- Born: March 16, 1958 Belleville, Illinois, U.S.
- Died: June 6, 2004 (aged 46)
- Nationality: American
- Area: Writer
- Notable works: Omaha the Cat Dancer
- Collaborators: Reed Waller

= Kate Worley =

American comic book writer (1958–2004)

Kathleen Louise Worley (March 16, 1958 – June 6, 2004) was an American comic book writer, best known for her work on Omaha the Cat Dancer, a sexually explicit anthropomorphic animal comic book series about a female stripper. Worley was also a musician, and a writer and performer for the science fiction comedy radio program Shockwave Radio Theater. She died of lung cancer.

==Biography==
Worley was born in Belleville, Illinois on March 16, 1958. After moving to Minneapolis, Minnesota in the 1970s, she became one of the early contributors the Shockwave Radio Theater there.

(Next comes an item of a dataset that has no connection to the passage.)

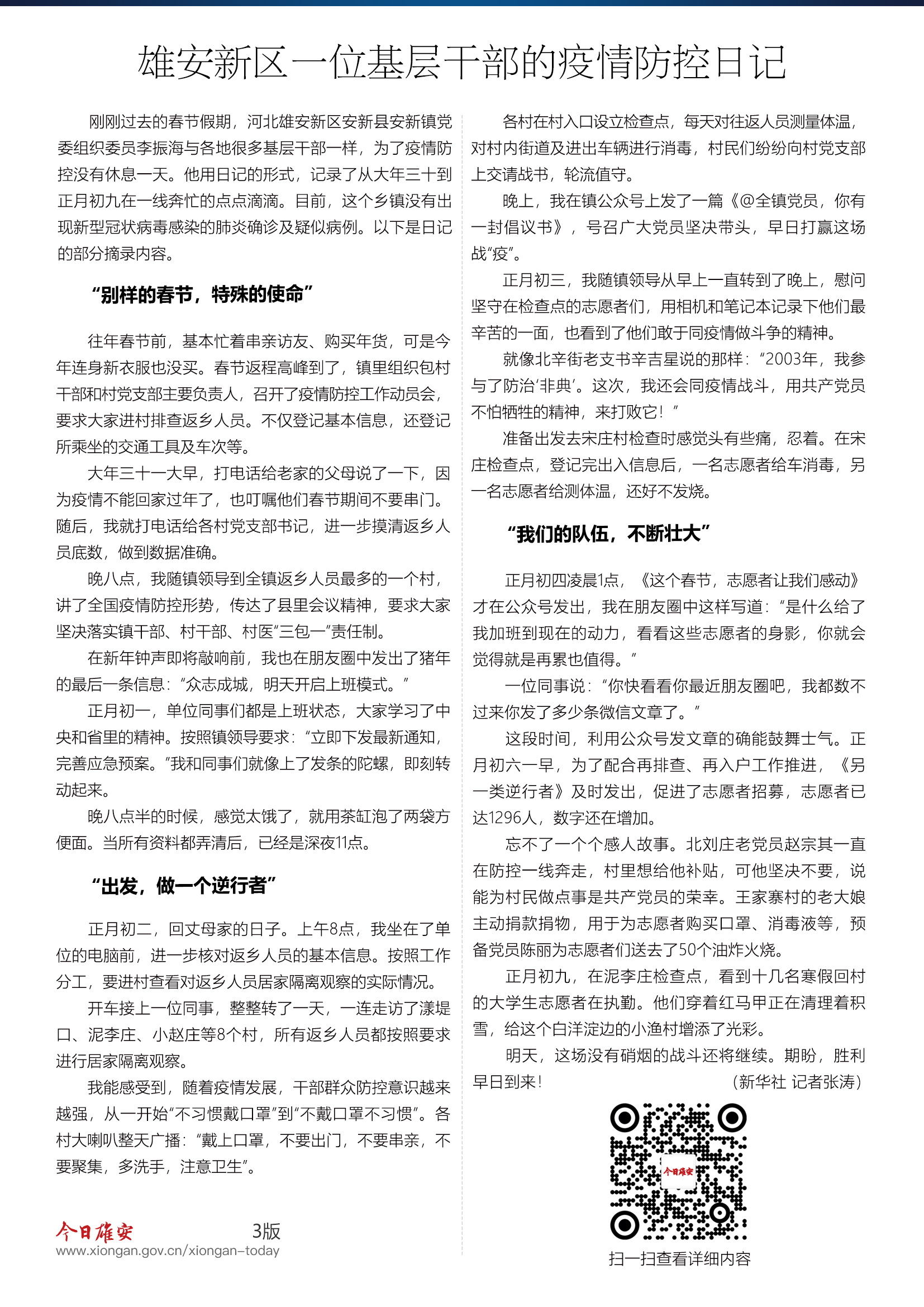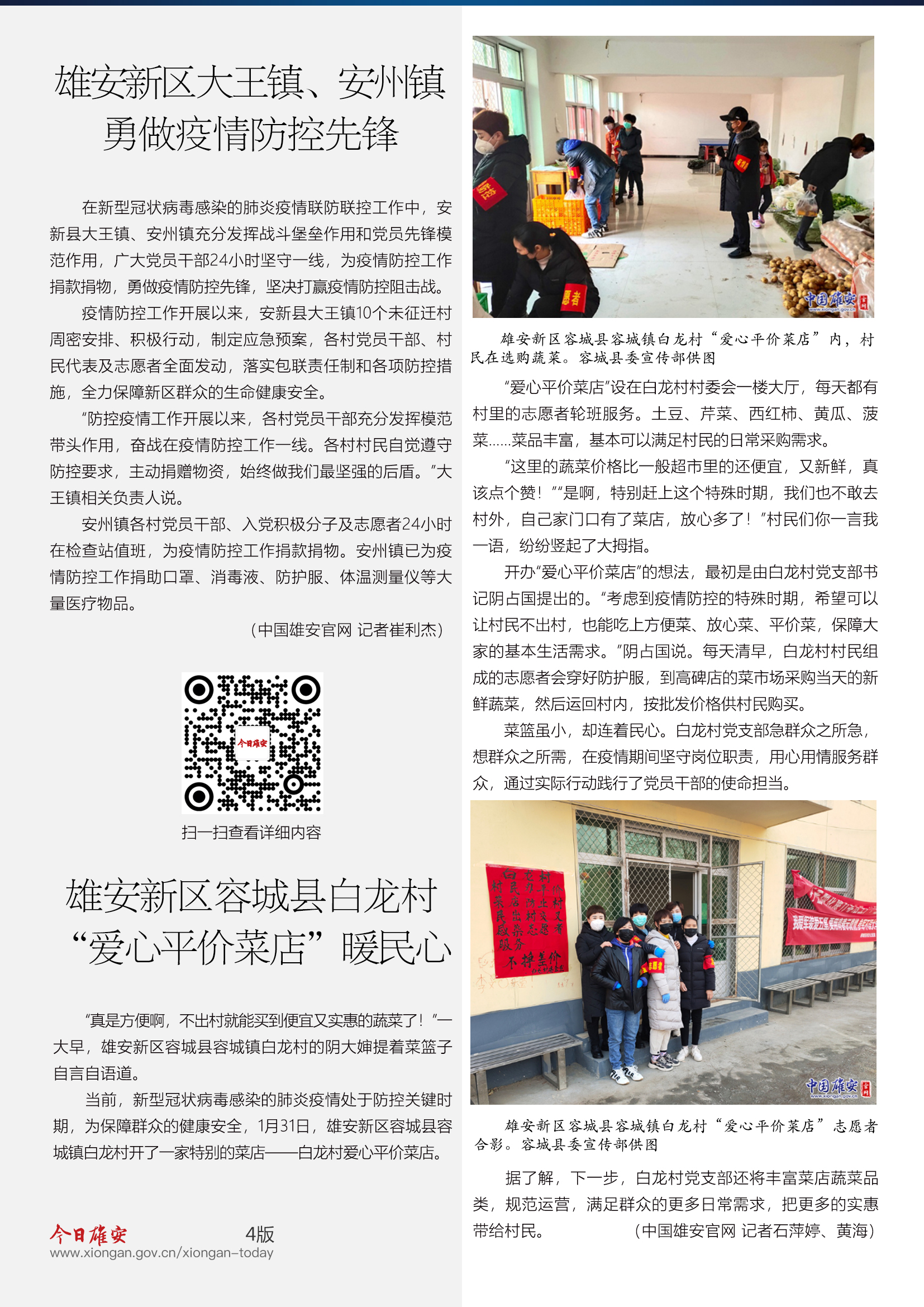 自新型冠状病毒感染的肺炎疫情防控工作开展以来,雄安新区雄县组织全县各级党组织投身防疫一线,迅速采取有效防控举措,充分发挥基层支部战斗堡垒和先锋模范作用,用实际行动践行初心。

While in the process of divorcing from her husband, she and cartoonist and musician Reed Waller began a romantic and professional relationship. Moving in together, they wrote songs and performed, both as a duet and with local bands, as well as being popular figures at Minicon and other science fiction conventions.

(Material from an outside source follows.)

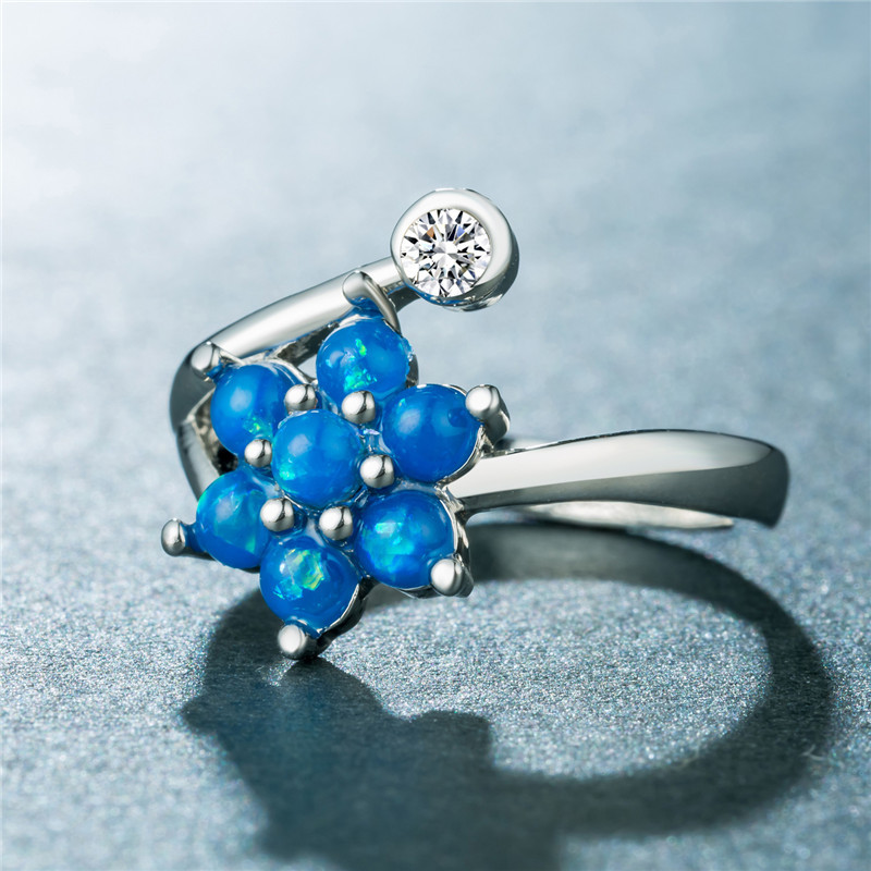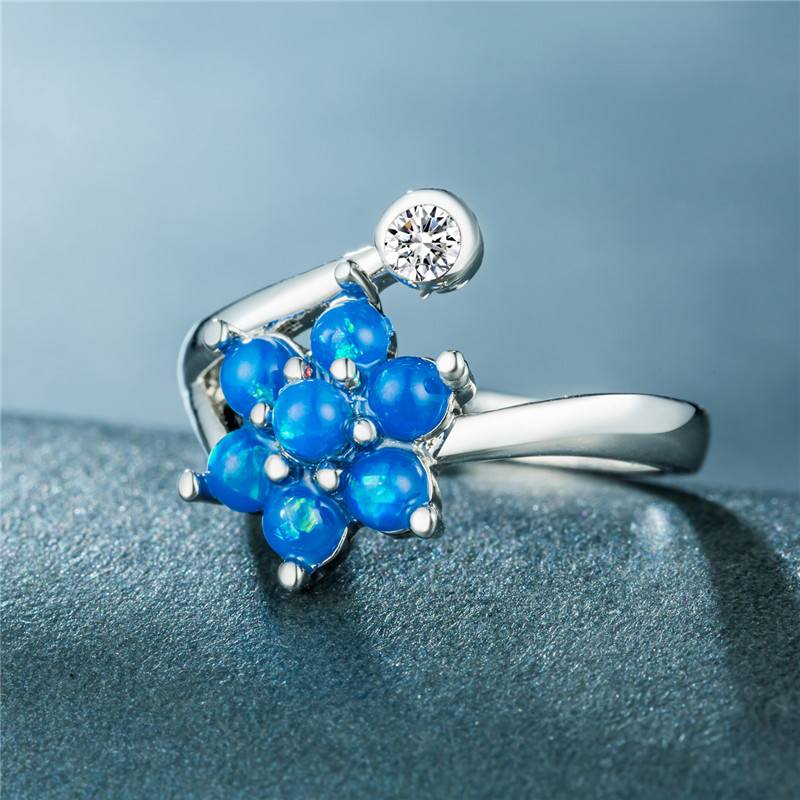 Popular accessories creative flower artificial opal opal ring micro-inlaid rhinestone opal jewelry

In the mid 1980s, Waller and Worley began collaborating on Omaha the Cat Dancer, which had originated as a strip by Waller in the local fanzine Vootie, before evolving into a nationally distributed comic book series published by Kitchen Sink Press. Four pages into issue #2, Waller suffered writer's block, and Worley offered "a few tentative suggestions about directions for the storyline, new characters, anything she could think of that might help...." At his invitation, she became the series' writer, enhancing its characterization and themes. In 1988, Waller identified them both as bisexual in the letters column of the series.

Omaha went on hiatus when Worley and Waller were both injured in a car accident; this hiatus was greatly extended when they had an acrimonious parting, which made their attempts at working together difficult. During this time, Worley wrote comics for various publishers, including Mulkon Empire for Tekno Comix, The Real Adventures of Jonny Quest for Dark Horse, Roger Rabbit for Disney, and a "Year One" annual issue of Wonder Woman. She married comic book writer Jim Vance, with whom she moved to Tulsa, Oklahoma, and had a son and daughter.

In 2002, she and Waller reached a deal with Fantagraphics to reprint Omaha, with an additional 100 pages. However, she was diagnosed with cancer, and she died June 6, 2004. Vance and Waller would later complete the Omaha series together, based on notes left by Worley.